→ **Supplied records**:
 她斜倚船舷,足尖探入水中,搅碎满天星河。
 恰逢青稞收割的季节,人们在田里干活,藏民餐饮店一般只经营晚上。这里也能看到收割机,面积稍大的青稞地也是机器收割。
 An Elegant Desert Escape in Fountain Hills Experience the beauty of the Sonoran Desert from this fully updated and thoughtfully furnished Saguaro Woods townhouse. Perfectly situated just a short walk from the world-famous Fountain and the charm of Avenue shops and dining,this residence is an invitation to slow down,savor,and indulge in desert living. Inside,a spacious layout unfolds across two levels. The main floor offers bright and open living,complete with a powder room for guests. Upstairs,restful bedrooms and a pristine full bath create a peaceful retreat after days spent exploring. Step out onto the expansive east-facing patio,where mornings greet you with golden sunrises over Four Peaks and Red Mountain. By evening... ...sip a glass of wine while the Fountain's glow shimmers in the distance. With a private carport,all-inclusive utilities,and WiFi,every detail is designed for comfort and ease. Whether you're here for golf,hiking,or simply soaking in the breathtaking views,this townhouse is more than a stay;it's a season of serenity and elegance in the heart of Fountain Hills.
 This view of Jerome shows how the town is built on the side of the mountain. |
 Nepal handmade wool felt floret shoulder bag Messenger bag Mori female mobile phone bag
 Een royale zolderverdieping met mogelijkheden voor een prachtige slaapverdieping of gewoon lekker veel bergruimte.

==

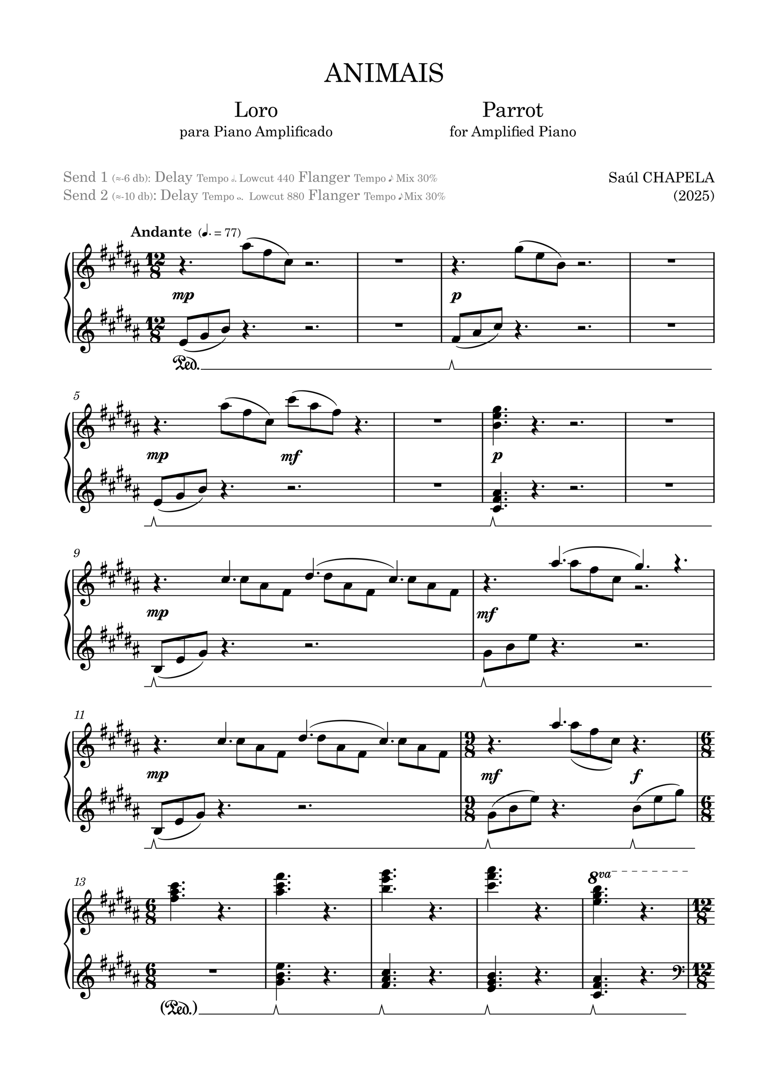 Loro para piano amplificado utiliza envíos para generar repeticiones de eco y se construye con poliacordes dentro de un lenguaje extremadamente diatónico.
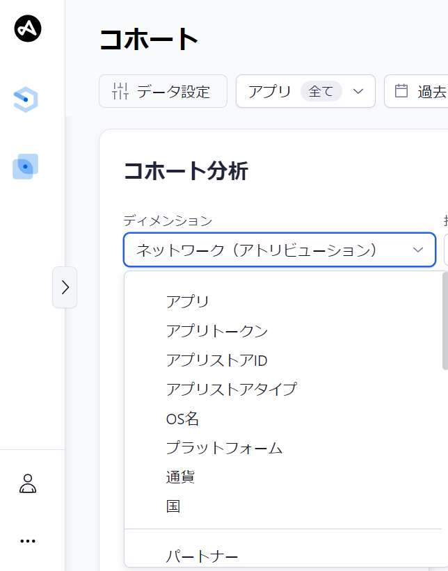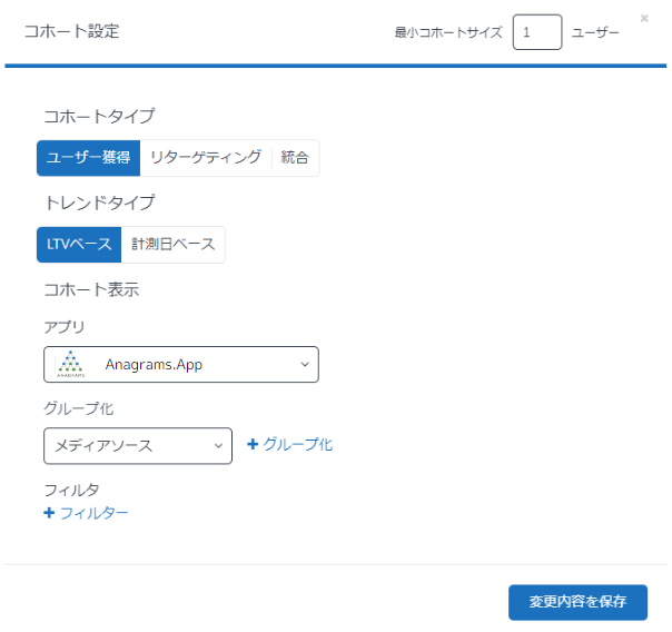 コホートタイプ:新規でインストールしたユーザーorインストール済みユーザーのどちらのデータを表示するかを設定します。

→ **Work order**: What do the lines above say from the one containing "她斜倚船舷,足尖探入水中,搅碎满天星河。" down to the one containing "恰逢青稞收割的季节,人们在田"? Return them exactly, both end lines included, and only them.

→ **Solved exercise**:
 她斜倚船舷,足尖探入水中,搅碎满天星河。
 恰逢青稞收割的季节,人们在田里干活,藏民餐饮店一般只经营晚上。这里也能看到收割机,面积稍大的青稞地也是机器收割。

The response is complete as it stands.